Ever got home from a particularly stressful day at work to find yourself raiding the fridge or mindlessly eating biscuits before an important deadline?
If you have you're not alone. In the short-term, stress can cause us to lose our appetite due to the hypothalamus releasing the corticotropin hormone which suppresses appetite (the brain also triggers the release of adrenaline which puts the need to eat on hold).
However, in the long term, stress can actually have the opposite effect. When stress persists, our body releases cortisol which can lead to an increase in appetite. Many studies have shown that when we are stressed, we're much more likely to turn to high fat and high sugar foods to comfort us, a cycle which if repeated frequently could have negative consequences for our health.
However a new study recently published in the Medicine & Science in Sports & Exercise has found that there's one very easy thing you can do to help stop yourself from stress eating - exercise.
During the study, researchers asked undergraduate students to complete an exam. The students were divided into two groups. Following the exam, one group was given 15 minutes to rest, while the other group performed 15 minutes of high-intensity interval training on a treadmill.

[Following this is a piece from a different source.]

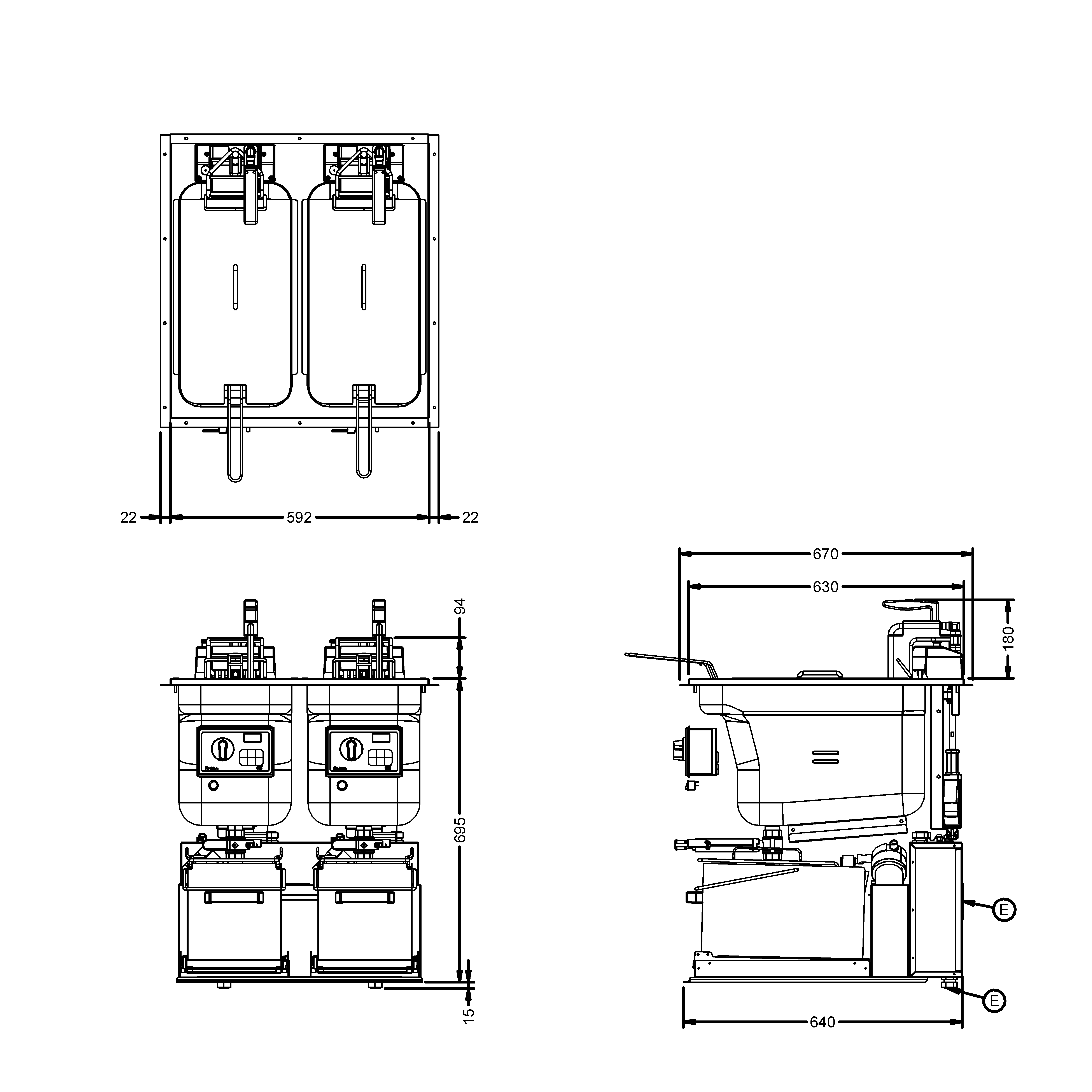 FriFri Precision 622 Electric Drop-in Twin Tank Fryer – 2 Baskets – W 600 mm – 2 x 15.0 kW

In order to create a control condition, all the participants had spent 35 minutes simply relaxing the week before. While relaxing, students were told not to engage in any mentally or physically stimulating activities, such as reading, stretching or holding a conversation. Afterwards, each group was offered an unlimited pizza lunch (yum).
The participants who took the exam and then rested for 15 minutes ate an average of 100 calories more than when they simply relaxed without performing mental work (the control condition), whereas the participants who exercised after the exam ate 25 calories less than when they simply relaxed for 35 minutes and then ate.